------ Given information

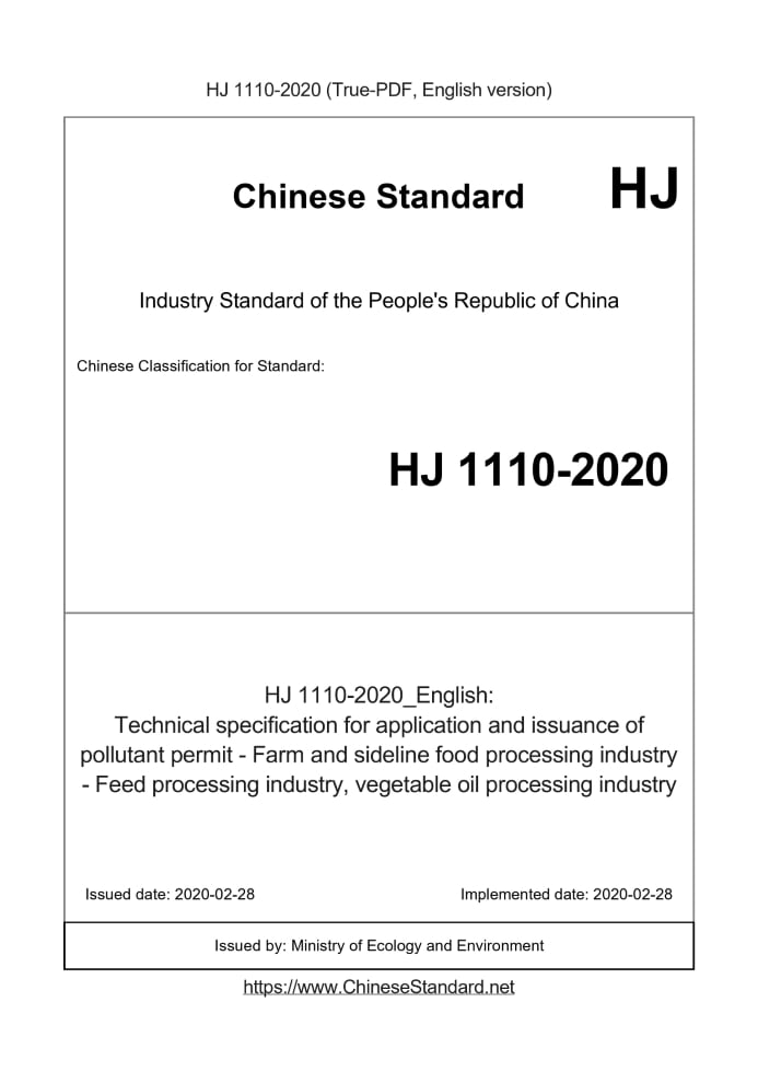 Delivery: <= 6 days. True-PDF full-copy in English will be manually translated and delivered via email. HJ 1110-2020: Technical specification for application and issuance of pollutant permit - Farm and sideline food processing industry - Feed processing industry, vegetable oil processing industry Status: Valid
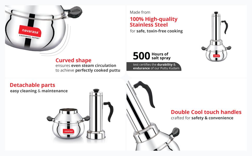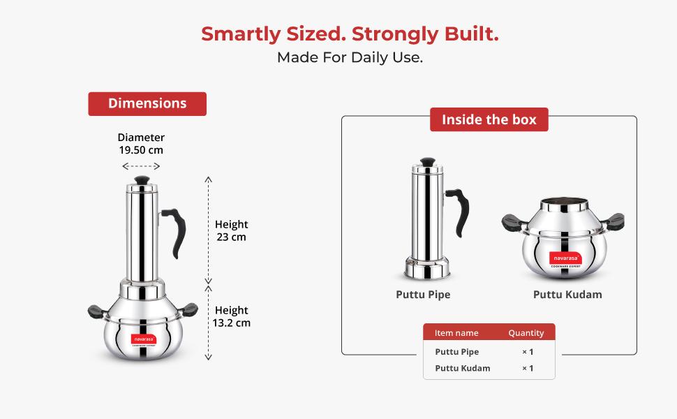 really easy to handle the puttu maker, i was strugle to lift the puttu maker as they don't have the handles. But this one has double handle which makes easy to handle the puttu maker and make the puttu more fast and delicious. Good one.
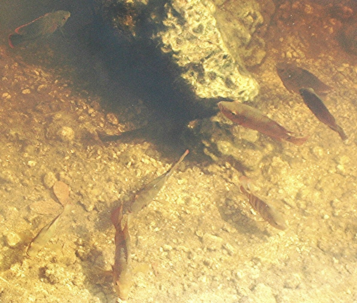 When mature they show dark bands, but when young those bands can be non-existent, there are also Tilapia in the pic, one in the upper left hand corner.
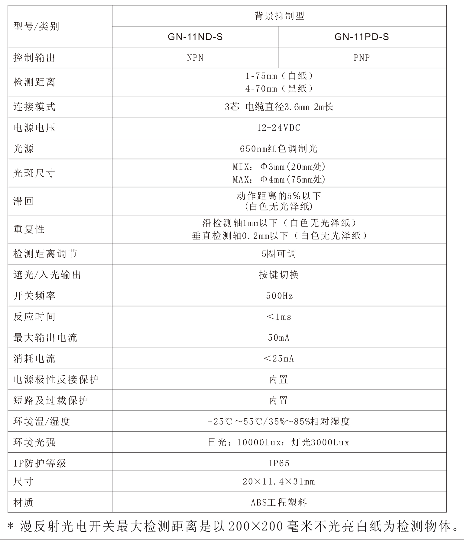 背景抑制光電開關GN-11D-S

------------

Your copy of the data should match it exactly, apart from the images, which are omitted.

Problem solution:
 Delivery: <= 6 days. True-PDF full-copy in English will be manually translated and delivered via email. HJ 1110-2020: Technical specification for application and issuance of pollutant permit - Farm and sideline food processing industry - Feed processing industry, vegetable oil processing industry Status: Valid
 really easy to handle the puttu maker, i was strugle to lift the puttu maker as they don't have the handles. But this one has double handle which makes easy to handle the puttu maker and make the puttu more fast and delicious. Good one.
 When mature they show dark bands, but when young those bands can be non-existent, there are also Tilapia in the pic, one in the upper left hand corner.
 背景抑制光電開關GN-11D-S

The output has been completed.